I thought that was about what my example tries to do, but you seem
to ignore the problem that you can't have real shared memory here,
only DMA transfers.

In the data structure I laid out (you'd have one per direction),
there are distinct variables that are written only by the emitter
or by the receiver and only read by the other side. Of course,
these should stay in separate cache lines in each coherency
domain.

I guess one point you made that could simplify the scheme is that
the message area should not be separated per direction but depending
on who is writing into it. If you only do DMA reads and write into
local buffers, that should further simplify the model.

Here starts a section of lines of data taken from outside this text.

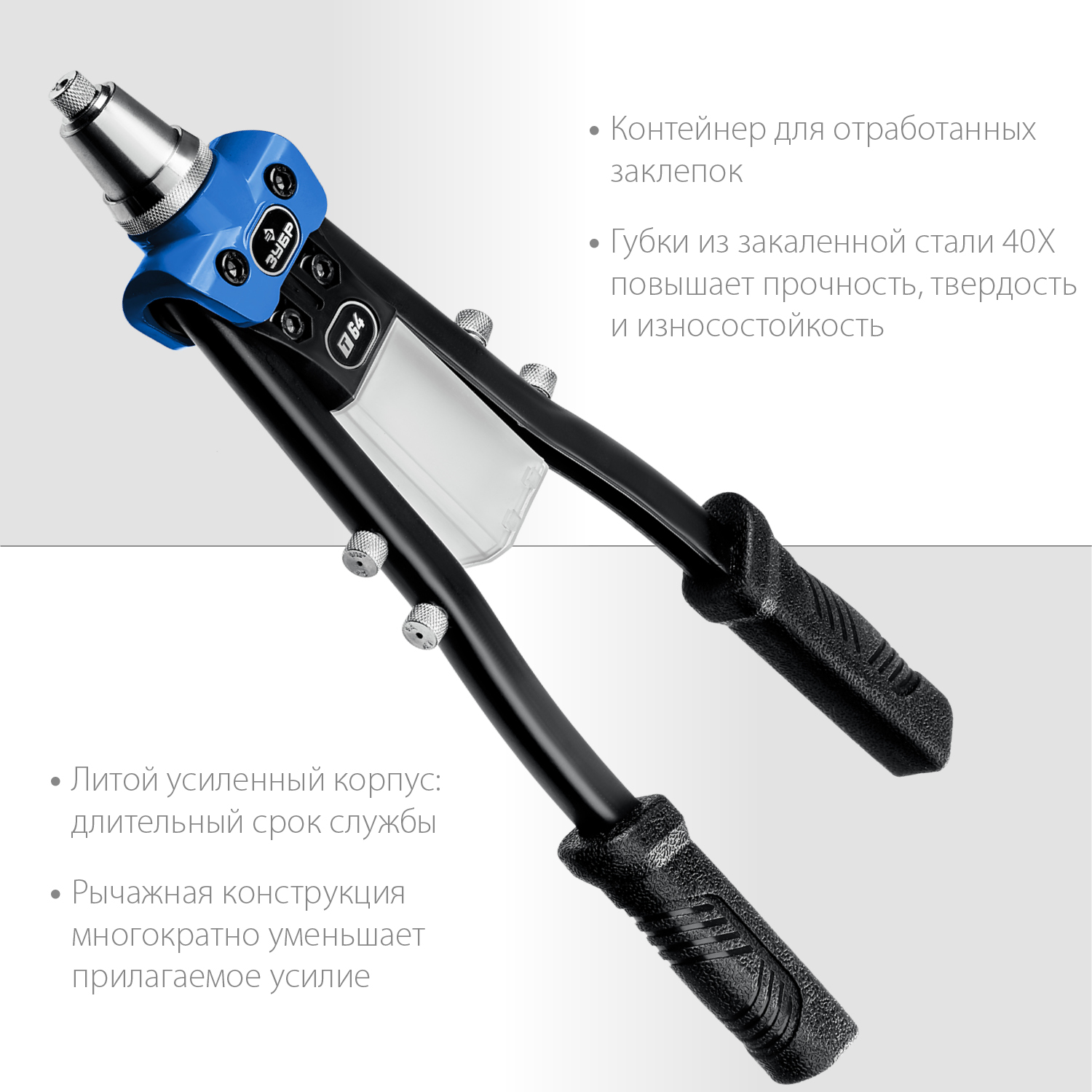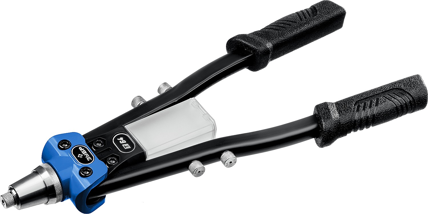 Надежный инструмент для установки вытяжных заклепок. Двухрычажная конструкциия значительно облегчает работу.
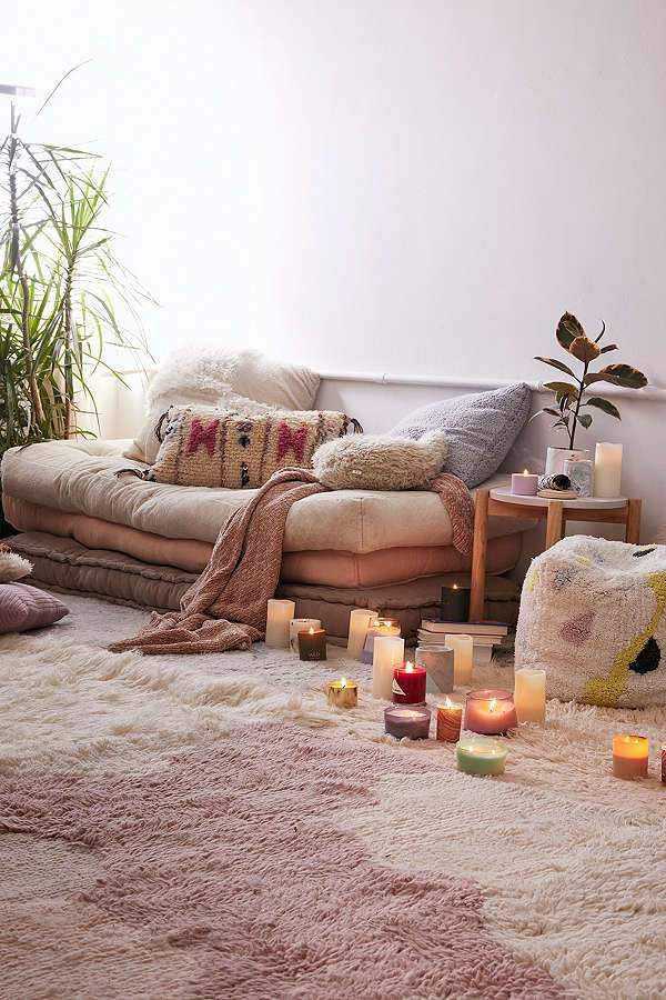 وهذي أمثلة على ركن بس من غير تكاليف كثيرة مجرد سجادة،شوية لوحات بسيطة وإضاءة ومفرش كبير مريح للجلوس والتأمل او القراءة
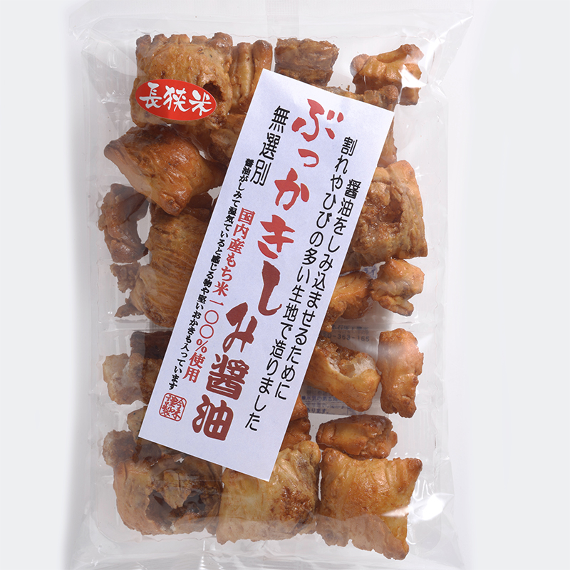 醤油をしみ込ませるために、割れやヒビの多い生地で造りました。 その生地を焼き上げ、醤油をしみ込ませました。 内容量:100g

> That works fine for lock-less and almost barrier-less NAPI poll(). In
> addition, you can add a mecanism to trigger interrupts (based on
> threshold, or a "I want an IRQ" bit somewhere or whatever), in which
> case the ISR needs to perform an MMIO read on the host end to flush
> store buffers, and then schedules a NAPI poll.

right, except that we don't have an MMIO read here at all, it's always
a DMA transfer between the two memory domains.

	Arnd <><